I realize that many believers today see this vision of the coming Christ as a literal description. Maybe it is, and maybe it isn’t. But whatever it is, the Apostle Paul intended to assure the Thessalonian faithful that the promises of God were backed up by a power even greater than that of Rome.

Furthermore, true peace, security, and hope are not found in the Pax Romana of Rome, but in the gracious rule and reign of God. Christ is the Lord; Ceasar is not. The Thessalonians, therefore, were encouraged to let God be the source of their peace. For the One who calls you is faithful.

The encouragement we need is really not so different from what the Thessalonians needed to hear. Two thousand years later, like them, we continue to look for signs that assure us that God has not forgotten us; that we will not be left behind; and that we will not be separated from those who have already died.

As world problems continue, and as time marches on, we may grow weary. We might then place more hope and confidence in the power of a national government that offers us peace and security, as we patiently wait for God. Like the Thessalonians, all we really need is the assurance that God’s power and God’s promise is real.

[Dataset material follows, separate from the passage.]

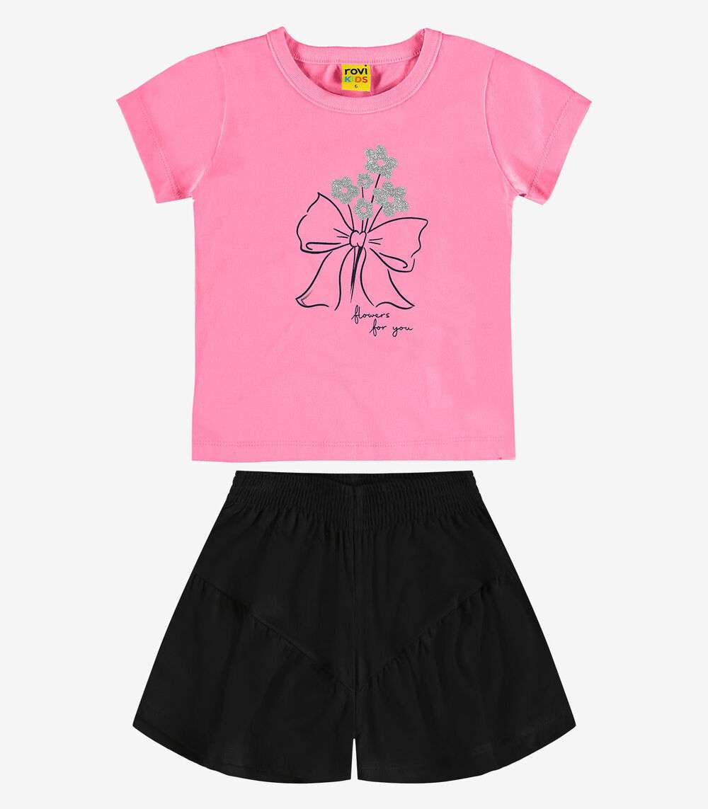 Conjunto Blusa e Shorts MeiaMalha ViscoMaquinetada Rosa

We might not see Christ coming down from the sky today, or even next week, or next year. But we can still embrace the hope we need in order to get by every single day.

Although an apocalypse is coming, it is actually in the little things of life that helps sustain us till then. An encouraging and timely word from a friend; praying with a fellow believer; giving thanks to God for all things; and living with an awareness of the spiritual throughout the world all these things strengthen us and enable us to see God at work.

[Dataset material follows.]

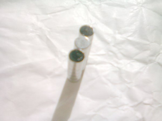 18 nucleos de imán nodimio para modificar las pastillas clásicas de ceramica single coil con estos imanes permanentes para lograr un sonido SuperStrato en las guitarras electricas Fender, Stratocaster, Telecaster, Squier, Yamaha, Cort etc con pastillas single coil, dándo un sonido más claro y definido que el álnico. Nucleos de disco de 5mm x 3mm con la dirección de la magnetización en la dirección del espesor. Están polarizados con punto negro; punto negro = S. En mano o envio 1€ más.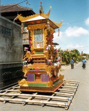 Das wichtigste Fest für einen Balinesen findet nach seinem Tod statt. Da der Tod nichts Endgültiges markiert, sondern nur den Übergang von einer Existenz in eine hoffentlich bessere darstellt, ist die Verbrennung ein fröhliches Fest. Ein Verbrennungsturm, dessen Form von der Kastenzugehörigkeit abhängt, wird in Auftrag gegeben. Verwandte und Bekannte reisen von überall her und der Zeremonietag beginnt mit einem üppigen Festmahl.

Through a consistent walk with God, day after day, the power and presence of God becomes real to us – maybe just as real as a dramatic scene of Christ coming down from the clouds – and offers us hope to face each new day with courage and compassion for a world in desperate need of salvation.

Almighty and all-sufficient God, give me strength to live another day.

Let me not be a coward in difficult circumstances, or to turn tail and run in the face of hard responsibilities.

Help me not lose faith in other people.

Keep my heart tender and wise, in spite of others’ ingratitude, treachery, or meanness.

Preserve me from minding the little stings of life, or of giving them to others.

May my heart be pure; and may I live honestly and fearlessly, so that no outward failure can dishearten me or take away the joy of inward integrity.

Open wide the eyes of my soul that I may see good in all things.

Grant me today some new vision of your truth.

Inspire me with a spirit of joy and gladness.

Make me the cup of strength to suffering souls.

I ask all of this in the name of my Deliverer, Lord, and Friend, Jesus Christ. Amen.